The OT1D library offers a simple but efficient implementation of an algorithm to compute the Kantorovich-Wasserstein distance between two empirical measures defined in dimension 1, that is, the support points of the measures are in R. We have designed the algorithm by directly exploiting the Complementary slackness conditions of Linear Programming. The implementation focuses more on efficiency than genericity, and we try to be as efficient as possible in several notable cases. We implemented the core algorithm in standard ANSI C++11, and we provide a python3 wrapper, which can be installed with:

pip3 install ot1d

The OT1D library provides an implementation of Optimal Transport in 1D that is faster than:

  1. Scipy: it is at least 6x faster than scipy.stats.wasserstein_distance, but it can be up to 11x faster
  2. POT: it is at least 2x faster than ot.lp.wasserstein_1d, but it can be up to 7x faster

The real speedup will depend on your computer platform (i.e., numebr of cores), your OS, and compiler. For running a performance test on your computer, see below, or run the python script OT1D_test. For some strange reason, the speed ups on Mac laptops are larger than for other architectures.

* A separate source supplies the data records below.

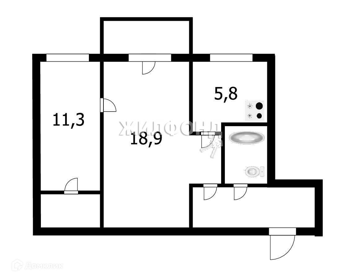 2-комнатная квартира, 46.5 м2, этаж 5 / 5, на продажу в Новосибирске, улица Ольги Жилиной, 92А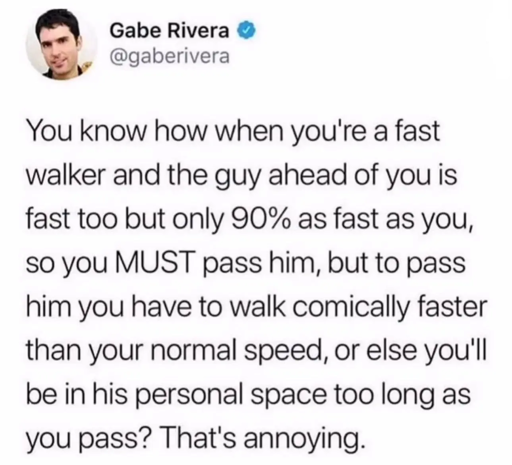 Tip from person with short legs: if someone is walking faster behind you, move to the side and slow down to let them pass at their speed. You’re welcome fast walkers.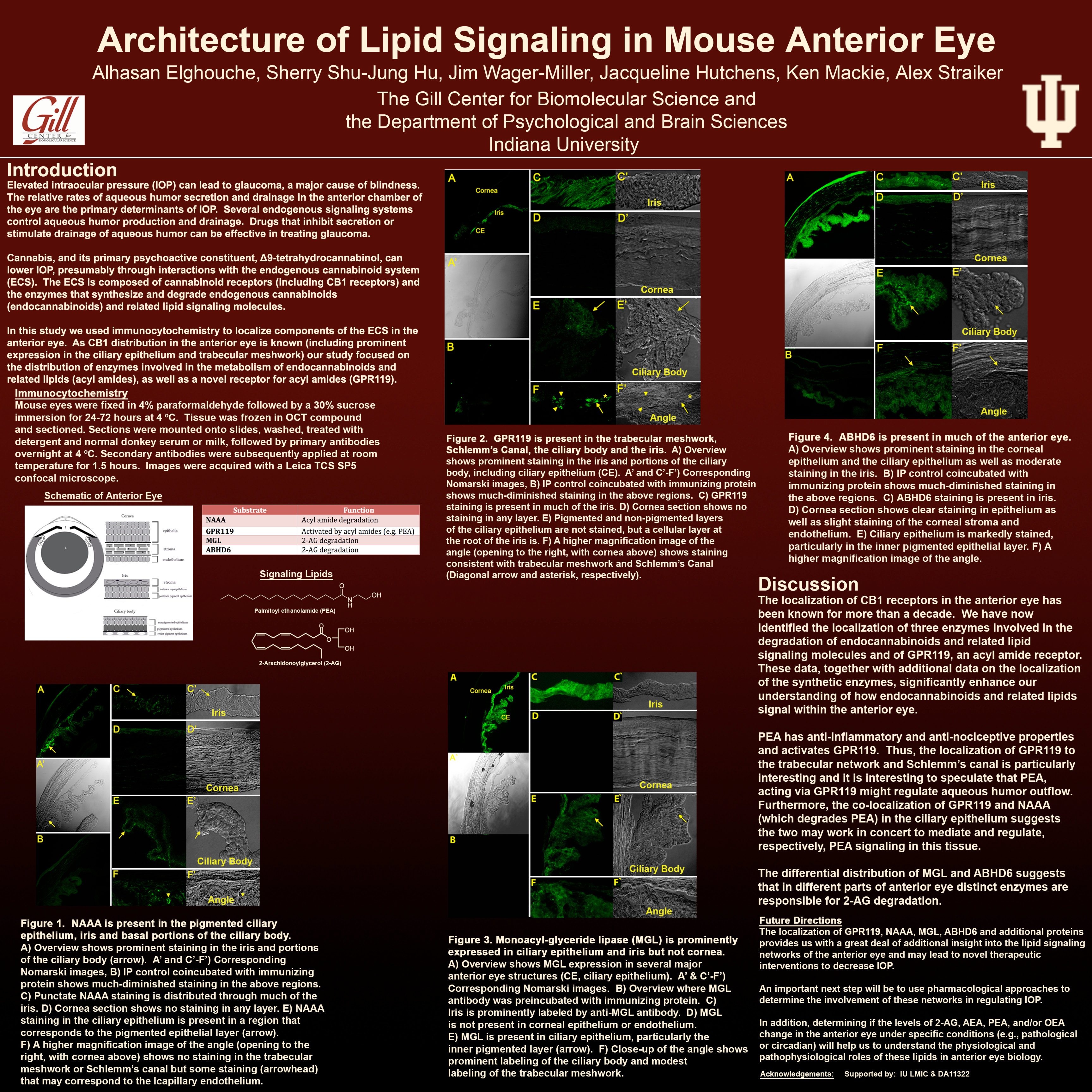 In this study we used immunocytochemistry to localize components of the ECS in the anterior eye. As CB1 distribution in the anterior eye is known (including prominent expression in the ciliary epithelium and trabecular meshwork) our study focused on the distribution of enzymes involved in the metabolism of endocannabinoids and related lipids (acyl amides), as well as a novel receptor for acyl amides (GPR119).

REMARK: If you find instances where OT1D is slower, please, let us know.

DotLIB

This tiny library is part of dotlib, a large project to develop Optimal Transport algorithms based on efficient Linear Programming implementations.

Basic Usage: Colab Notebook

The simplest way to test this library is to run the following notebook on Colab:

Data Notebook Link
[2021/06/21] Testing and evaluating OT1D Open In Colab

Usage

The main function of the OT1D library is the following:

z = OT1D(x, y, mu=None, nu=None, p=2, sorting=True, threads=8)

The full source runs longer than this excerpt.